Yes, behind them, pinned to the side of the ticket barrier, next to a notice about the penalties for not purchasing the correct ticket for any journey - a silhouette of a figure being grabbed and held by a taller figure, the sense of a struggle, of an arrest.

Stop it!

He dabbed his forehead with his sleeve, pretending to remove his fur hat to disguise the gesture.

The picture taken of him at the rnotorway barrier, when his papers said he was Glazunov… next to that, something they must have obtained from the Centre's Records Directorate computer - himself in USAF uniform, taken perhaps eight or nine years before. He had been much younger then, he told himself, much -

Beneath the pictures, he was described as an enemy agent, spy and saboteur. He was sought with the utmost urgency. People were instructed to be vigilant.

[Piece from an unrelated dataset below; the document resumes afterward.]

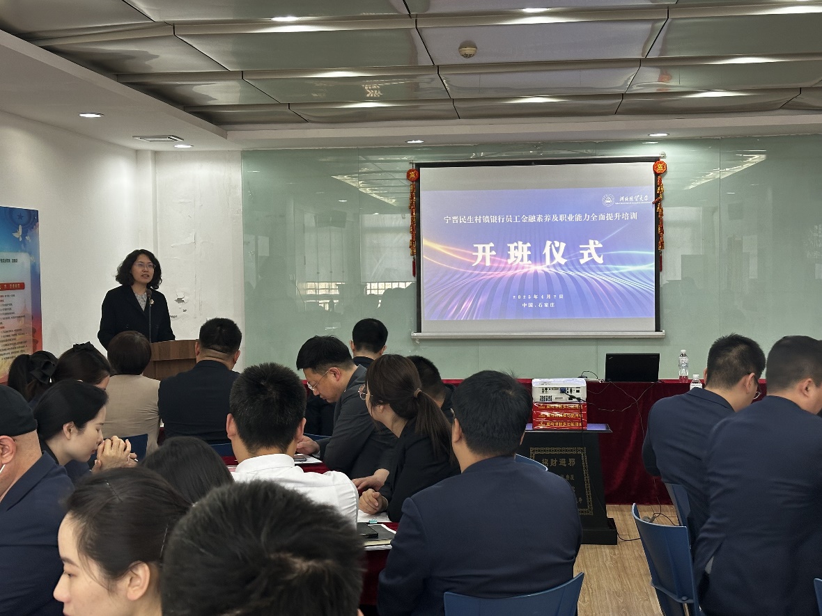 4月2日,由beat365官网主办的“宁晋民生村镇银行员工金融素养及职业能力全面提升培训班”开班仪式在宁晋民生村镇银行培训会议室举行。宁晋民生村镇银行董事长张健、风险总监周京燕、行长助理李宪伟、beat365中文官方网站经济研究所所长李建英、beat365中文官方网站院长杨雪美、办公室主任李艳辉出席,培训班全体学员参加。
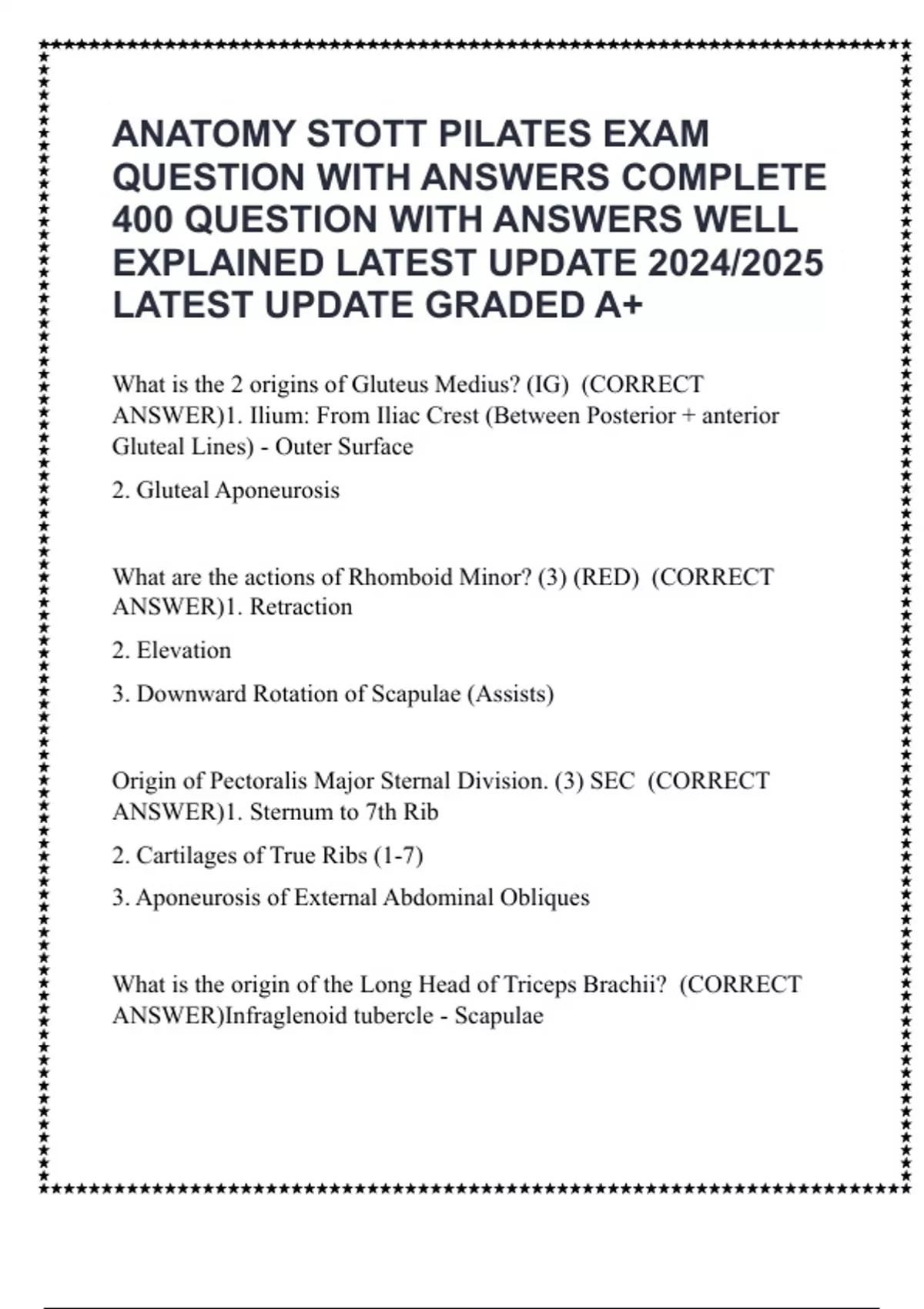 ANATOMY STOTT PILATES EXAM QUESTION WITH ANSWERS COMPLETE 400 QUESTION WITH ANSWERS WELL EXPLAINED LATEST UPDATE 2024/2025 LATEST UPDATE GRADED A+

The hairpiece they had given him was an expensive one, one that had been purchased in the West, in all probability. It was, Vassily had said, grinning, better even than Tito's had been. Yet, deliberately, it looked false. His hair was too short from having to wear the helmet with its thought-guidance sensors to be anything but noticeable. A wig which looked like a wig was deemed a bolder call to attention. Were he suspicious, he would not wear an evident hairpiece. His motive would be considered to be vanity.

He replaced his fur hat. The youthful hair showed beneath it, a slightly different shade from his own.

He handed over the tickets, and gave the KGB man his papers, drawing them from his breast pocket. The ticket-collector asked the reason for the second ticket, and Gant turned his head loftily, indicating Anna when he saw her three places behind him. He waved her forward without consulting the KGB man. A man in the queue scowled, resenting authority and privilege. Gant introduced her off-handedly to the KGB man, and she passed over her papers.